What we can learn from the Codecov breach case

Codecov breach case

None of us are strangers to news of cyberattacks and security incidents that have financially staggering repercussions and those that cause significant reputational damage. 

Recently, however, news of Codecov breach, a supply chain attack, one that remained undetected for months until it was far too late — represents a dangerous turn in the recent spate of attacks that includes the SolarWinds breach.

With a network of around 29,000 clients including global companies like Google, the Royal Bank of Canada, IBM, HP and more, it wasn’t just that Codecov was in the crosshairs of attackers; they also exposed an ecosystem that most companies can only dream of laying claim to.

While investigations are still being carried out and new details are emerging, what’s clear is that supply chain security is more vulnerable today than it has ever been. 

What we know about the Codecov breach so far

Dating as far back to the 31st of January this year, the company noticed certain signs that, while suspicious, didn’t raise any of the most common red flags. 

By exploiting an error in its Docker image creation process, attackers stole credentials and manipulated the company’s Basher Uploader script via malicious lines of code.

The breach was eventually discovered on the 1st of April. 

As a result of this, information that sat within the company’s continuous integration environments was exposed, and it has now been revealed that the threat actors also managed to infiltrate external software development programmes and other technology services companies. 

Investigators have revealed that this also includes behemoth enterprises like IBM.

The attackers also managed to:

  • Replace Codecov’s IP address with theirs and posted customer credentials to their servers
  • Extract confidential data including PATH variables, usernames, security credentials, tokens and other information
  • They accessed a range of additional resources including the data stored on compromised networks across external software vendors
What best practices can we adopt following this breach?

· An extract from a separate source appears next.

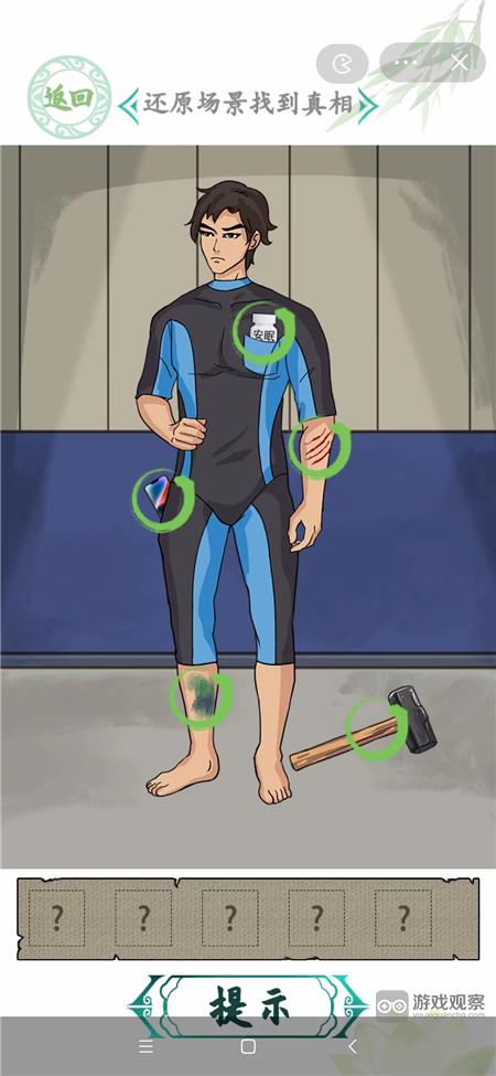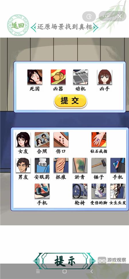 2、审问犯人分别是男友和闺蜜,男友长按右腿掉出锤子,其余物品直接点击即可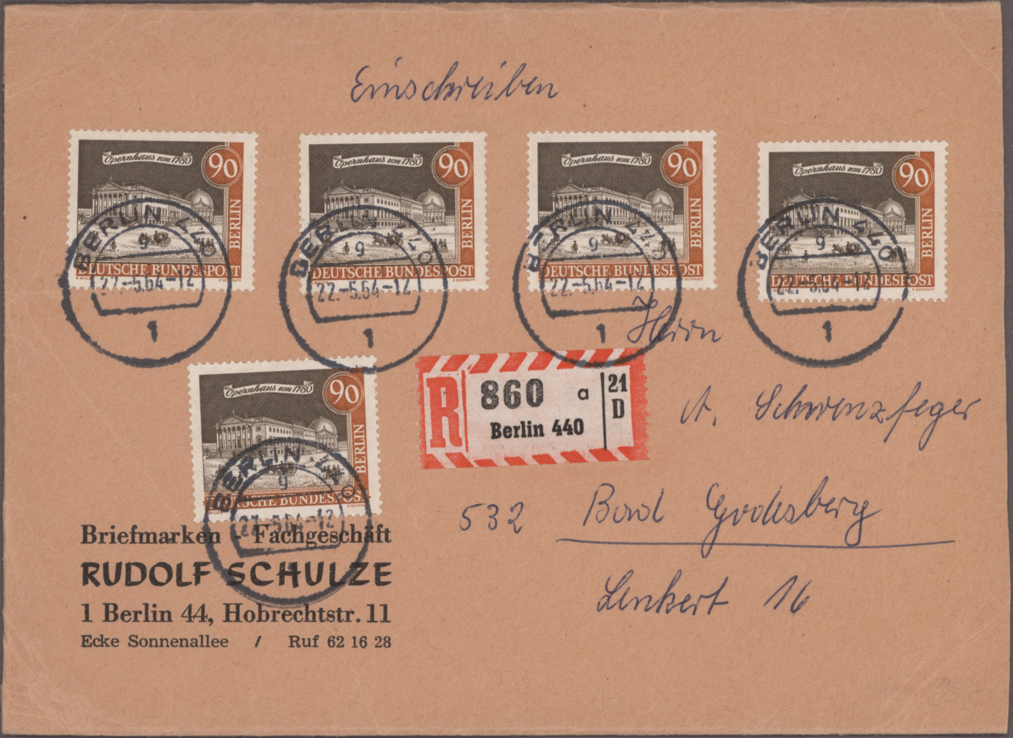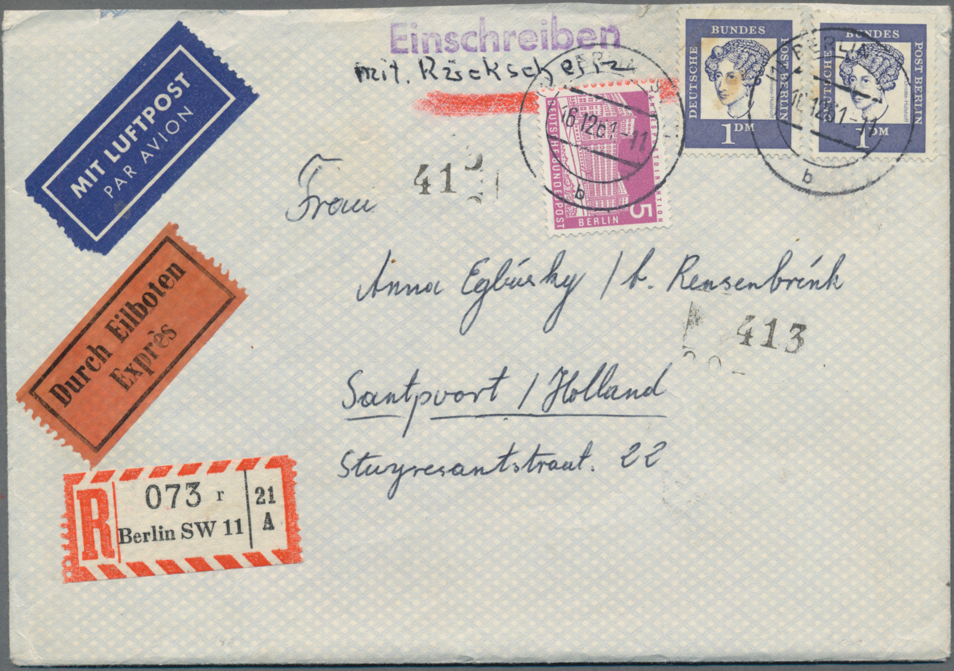 2.Gewichtsstufe in die Schweiz, 16 EF auf R-Brief, 27 EF auf Luftpostbrief, 28 EF auf Brief nach Stockholm, 29 EF auf Nachnahmebrief, usw.

As a result of the attack, Codecov has executed certain precautions that most companies today can benefit from. Apart from certain undisclosed mitigations, the company has not only rotated internal credentials but also engaged an external cyber forensics firm to audit its environment.

In addition to this, there are other strategies modern businesses can execute to ensure that their supply chains don’t form chinks in the armour that open their operations up to interference.

One of the biggest takeaways, here, is that we need to execute greater diligence when it comes to the third-party resources, integrations or applications we introduce to our networks and systems.

Another interesting best practice is taking a more thorough look at the non-human elements in our networks, which generally go unprotected and unsupervised. Here, access management and continuous monitoring can go a long way in helping you keep your ecosystem secure.

Another great way to go the extra mile for supply chain security is to assign build monitors to secure your building processes. In doing so, it’s easier to be more vigilant about unauthorised code changes, anomalies, and other suspicious activities.

In this process, you can also use CI/CD pipelines and make sure you’re incorporating DAST and SAST tests into your processes, as well as implement the right AI solutions to automate your scanning and monitoring activities.

Moreover, effective and systematic secrets management, including using the right software, can help you record and maintain sensitive information like SSH keys, encryption keys, API tokens and passwords more securely.

Creating a more secure business environment through the latest VRM best practices

Given the rate at which malicious actors launch their attacks and the sophisticated attack technology we’re seeing emerge, these incidents seem to be an unfortunate side effect of operating in today’s market.

Despite this, learning from incidents that do occur and optimising our networks, practices, and systems can go a long way in helping us adapt to the risks that are unfolding.

Now more than ever, investing in powerful supply chain security systems and resources, which include integrated risk management platforms, can go a long way in keeping our businesses secure.